----- PROVIDED MATERIAL
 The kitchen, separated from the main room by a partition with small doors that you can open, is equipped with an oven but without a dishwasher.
----------
----- PROVIDED MATERIAL
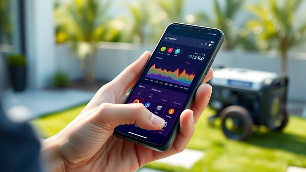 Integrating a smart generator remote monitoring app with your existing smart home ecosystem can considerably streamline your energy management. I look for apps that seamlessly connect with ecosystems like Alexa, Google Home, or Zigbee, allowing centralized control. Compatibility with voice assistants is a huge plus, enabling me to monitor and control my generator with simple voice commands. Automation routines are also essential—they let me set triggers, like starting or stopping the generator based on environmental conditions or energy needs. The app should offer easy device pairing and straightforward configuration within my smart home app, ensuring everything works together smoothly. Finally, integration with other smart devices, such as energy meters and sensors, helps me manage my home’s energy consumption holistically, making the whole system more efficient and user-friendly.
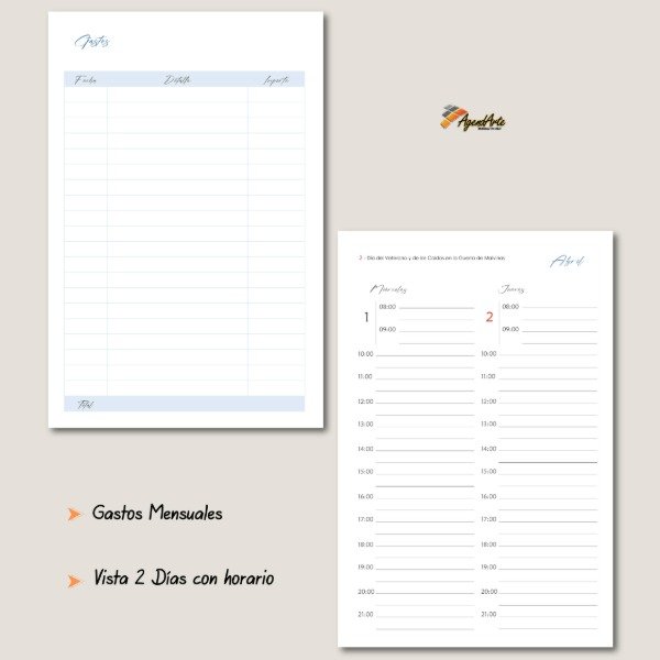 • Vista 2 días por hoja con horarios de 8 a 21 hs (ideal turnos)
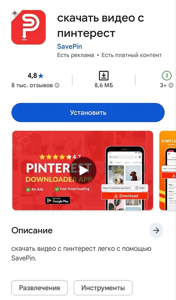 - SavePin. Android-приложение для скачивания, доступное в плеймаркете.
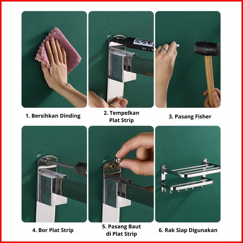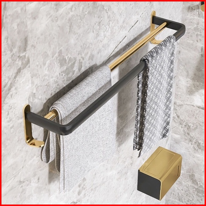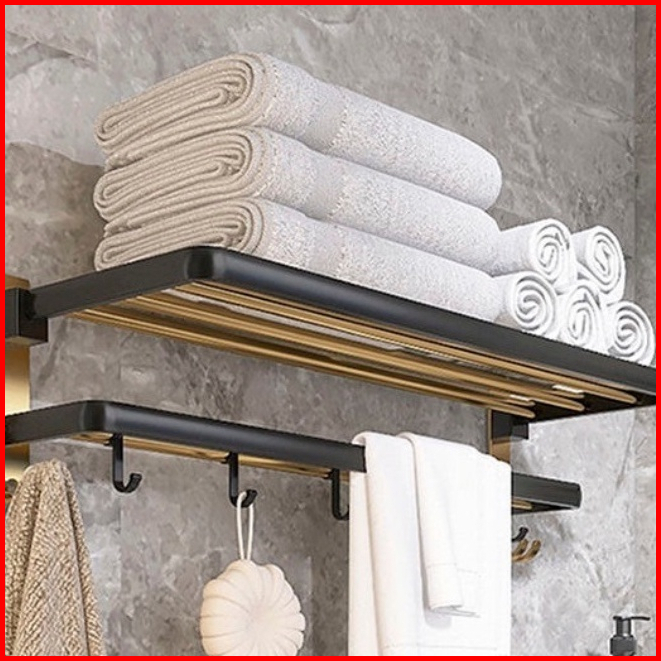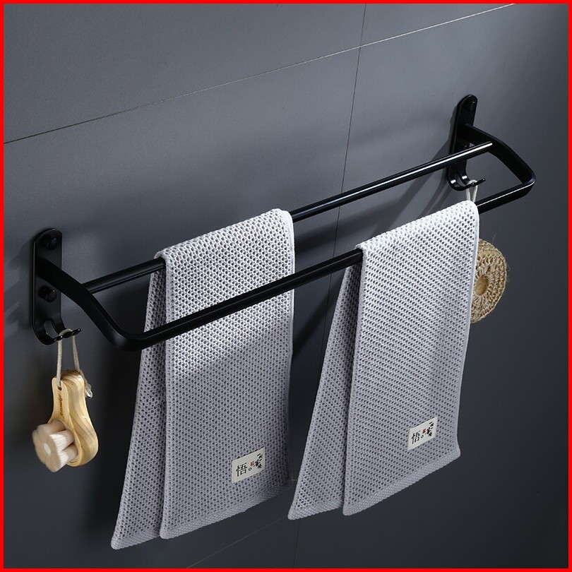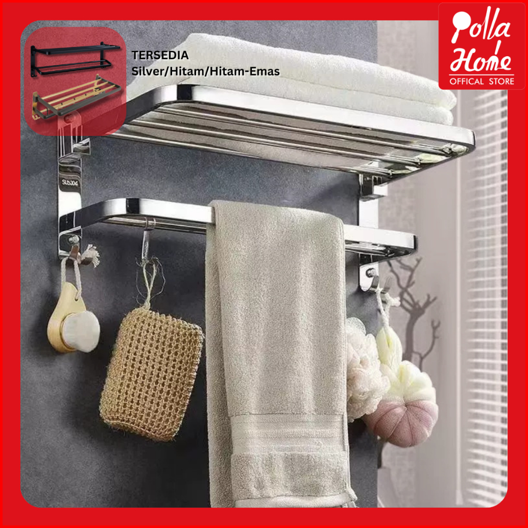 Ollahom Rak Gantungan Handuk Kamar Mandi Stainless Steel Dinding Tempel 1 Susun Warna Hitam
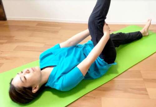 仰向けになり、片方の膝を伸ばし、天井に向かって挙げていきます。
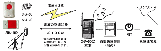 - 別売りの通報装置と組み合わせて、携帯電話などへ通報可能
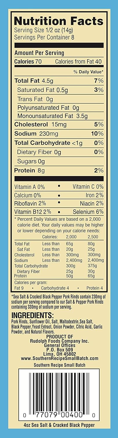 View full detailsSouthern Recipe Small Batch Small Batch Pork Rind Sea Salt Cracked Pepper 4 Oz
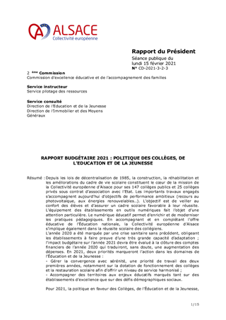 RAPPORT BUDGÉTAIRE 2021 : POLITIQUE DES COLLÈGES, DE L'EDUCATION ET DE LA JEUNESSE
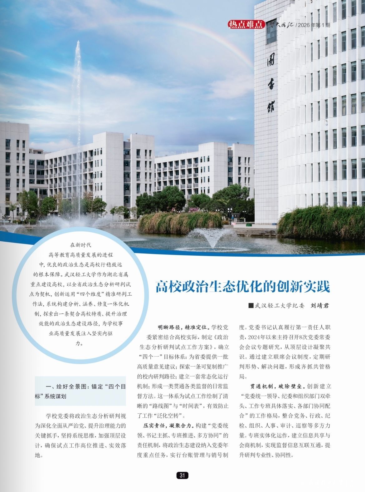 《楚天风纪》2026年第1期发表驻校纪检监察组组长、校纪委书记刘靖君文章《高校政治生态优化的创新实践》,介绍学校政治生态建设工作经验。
----------
----- PROVIDED MATERIAL
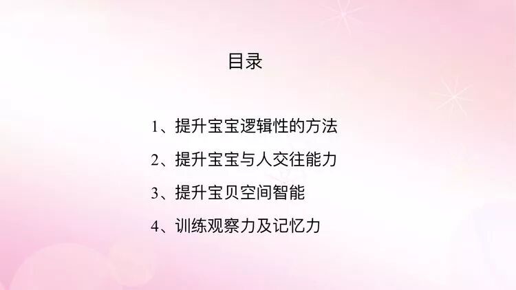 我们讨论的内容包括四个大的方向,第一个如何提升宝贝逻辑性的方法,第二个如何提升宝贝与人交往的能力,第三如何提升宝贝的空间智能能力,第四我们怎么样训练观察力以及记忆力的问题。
----------
EXERCISE DESCRIPTION – Starting at the line with "Ollahom Rak Gantungan" and finishing at the line with "RAPPORT BUDGÉTAIRE 2021", copy the material above exactly, both lines included. Nothing else goes in, and no pictures.

TASK RESULT –
 Ollahom Rak Gantungan Handuk Kamar Mandi Stainless Steel Dinding Tempel 1 Susun Warna Hitam
 仰向けになり、片方の膝を伸ばし、天井に向かって挙げていきます。
 - 別売りの通報装置と組み合わせて、携帯電話などへ通報可能
 View full detailsSouthern Recipe Small Batch Small Batch Pork Rind Sea Salt Cracked Pepper 4 Oz
 RAPPORT BUDGÉTAIRE 2021 : POLITIQUE DES COLLÈGES, DE L'EDUCATION ET DE LA JEUNESSE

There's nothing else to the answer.